- Work order: An exact restatement of all the data is required, with the pictures left out.

++++ Recorded data

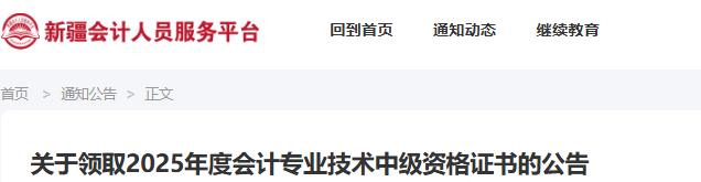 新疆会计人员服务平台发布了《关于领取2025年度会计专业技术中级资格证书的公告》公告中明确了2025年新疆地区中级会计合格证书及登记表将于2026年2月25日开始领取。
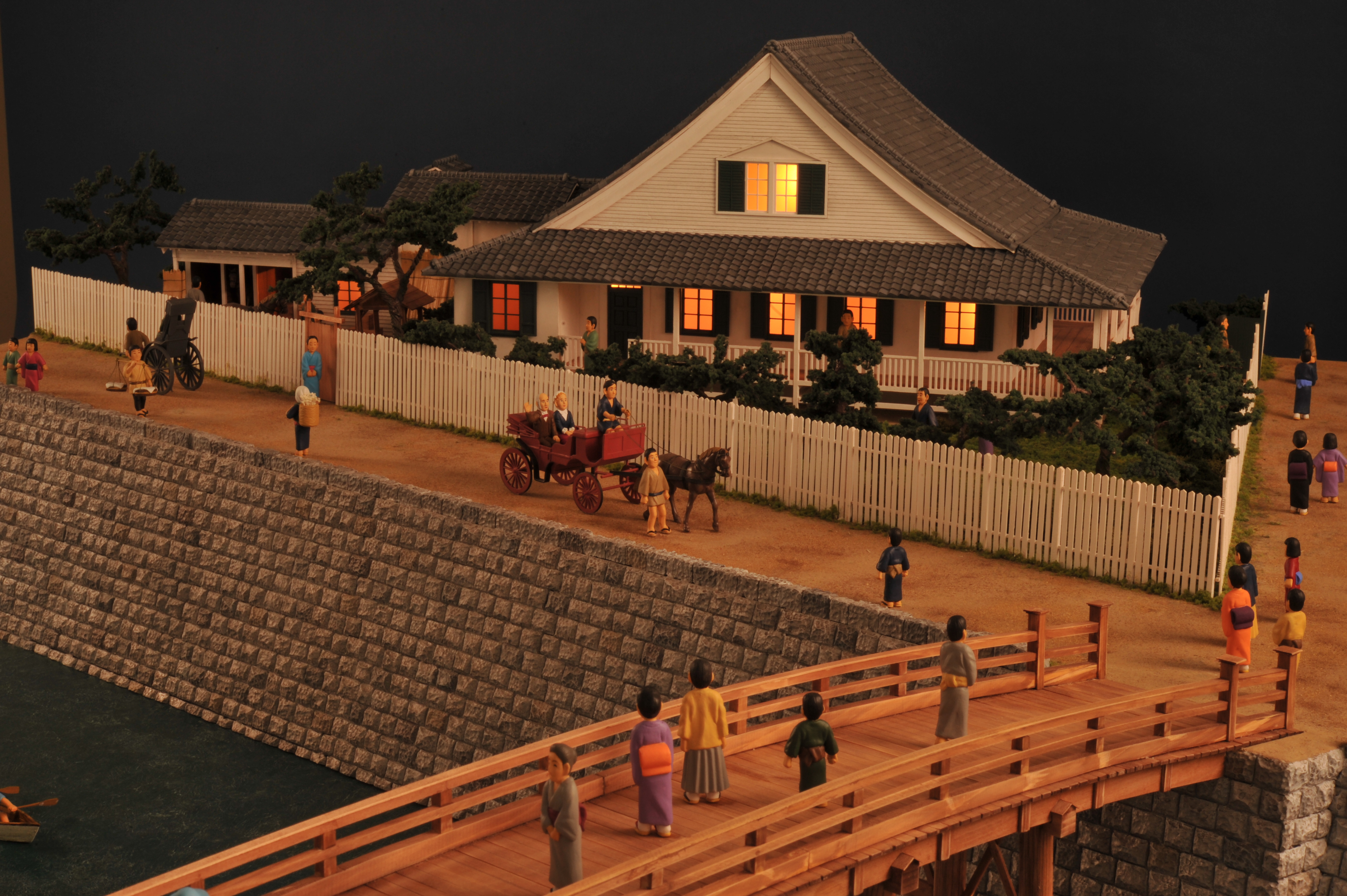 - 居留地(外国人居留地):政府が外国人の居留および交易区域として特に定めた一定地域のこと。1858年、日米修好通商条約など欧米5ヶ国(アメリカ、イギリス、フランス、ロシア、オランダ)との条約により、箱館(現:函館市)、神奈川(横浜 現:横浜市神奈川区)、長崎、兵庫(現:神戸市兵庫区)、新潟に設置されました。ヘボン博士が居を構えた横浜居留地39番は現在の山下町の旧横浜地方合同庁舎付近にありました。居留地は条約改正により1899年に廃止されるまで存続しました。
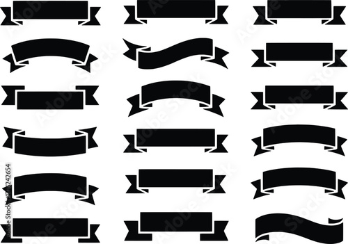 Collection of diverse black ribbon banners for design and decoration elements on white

++++++++

- Response to the task:
 新疆会计人员服务平台发布了《关于领取2025年度会计专业技术中级资格证书的公告》公告中明确了2025年新疆地区中级会计合格证书及登记表将于2026年2月25日开始领取。
 - 居留地(外国人居留地):政府が外国人の居留および交易区域として特に定めた一定地域のこと。1858年、日米修好通商条約など欧米5ヶ国(アメリカ、イギリス、フランス、ロシア、オランダ)との条約により、箱館(現:函館市)、神奈川(横浜 現:横浜市神奈川区)、長崎、兵庫(現:神戸市兵庫区)、新潟に設置されました。ヘボン博士が居を構えた横浜居留地39番は現在の山下町の旧横浜地方合同庁舎付近にありました。居留地は条約改正により1899年に廃止されるまで存続しました。
 Collection of diverse black ribbon banners for design and decoration elements on white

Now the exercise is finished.